Agregó que en esa región los trabajadores agrícolas afrocolombianos buscaban recuperar sus tierras, perdidas durante el mandato de Álvaro Uribe.
“Están intentando recuperarlas poco a poco, pero observan que, en estos años recientes bajo el gobierno de Petro, aparecen carteles de propiedad privada en terrenos que, en realidad, pertenecen a los propios trabajadores agrícolas”, expresó.
Durante la administración de Petro, agregó, han sentido que las han ido recuperando poco a poco a pesar de los muchos problemas que enfrentan, pero han logrado recuperarlas.

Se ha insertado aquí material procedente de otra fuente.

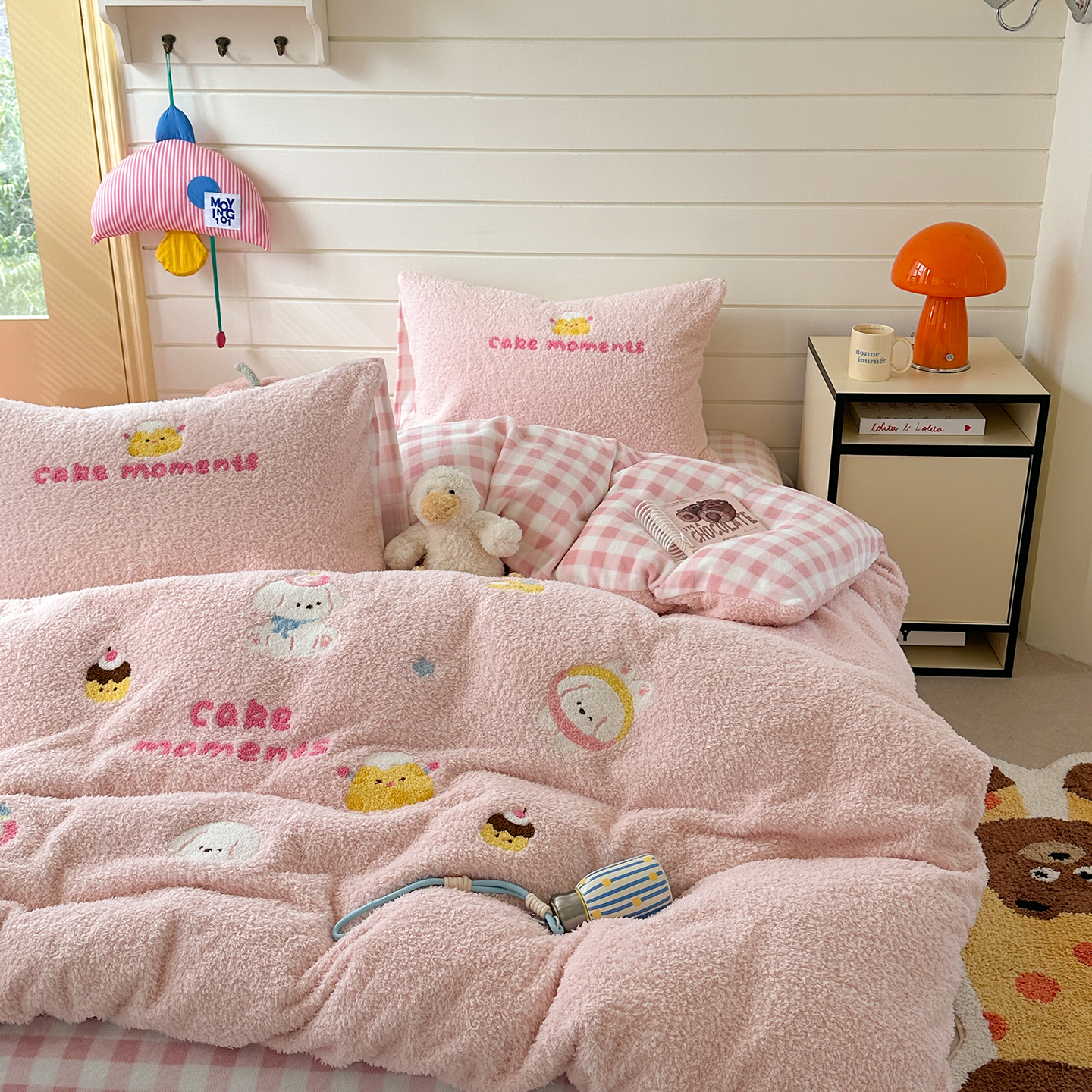 商品名称:柚子YOUTH 2025新款双面泰迪绒毛巾绣四件套 甜酷KT

“Ahora nos encontramos ante dos propuestas: dos candidatos distintos que ofrecen caminos diferentes para Colombia, en mi opinión, esto no se trata de izquierda o derecha, ya que ambos candidatos han afirmado que el sistema económico que implementarían, de llegar a la presidencia, es el capitalismo”, dijo Ortiz.
¿El nuevo Nayib Bukele?
Alex Sierra, antropólogo del Centro de Estudios Sociojurídicos Latinoamericanos (CESJUL), opinó que De la Espriella pretende implementar la política armada de Nayib Bukele.
“Abelardo busca emular a Bukele con la enorme dificultad del control armado de más de 57 estructuras con capacidad de guerra”, comentó. “Un eventual gobierno de Abelardo del Espriella generaría un espiral dramático de nuevas violencias y de un drama humanitario, sin precedentes para el país”.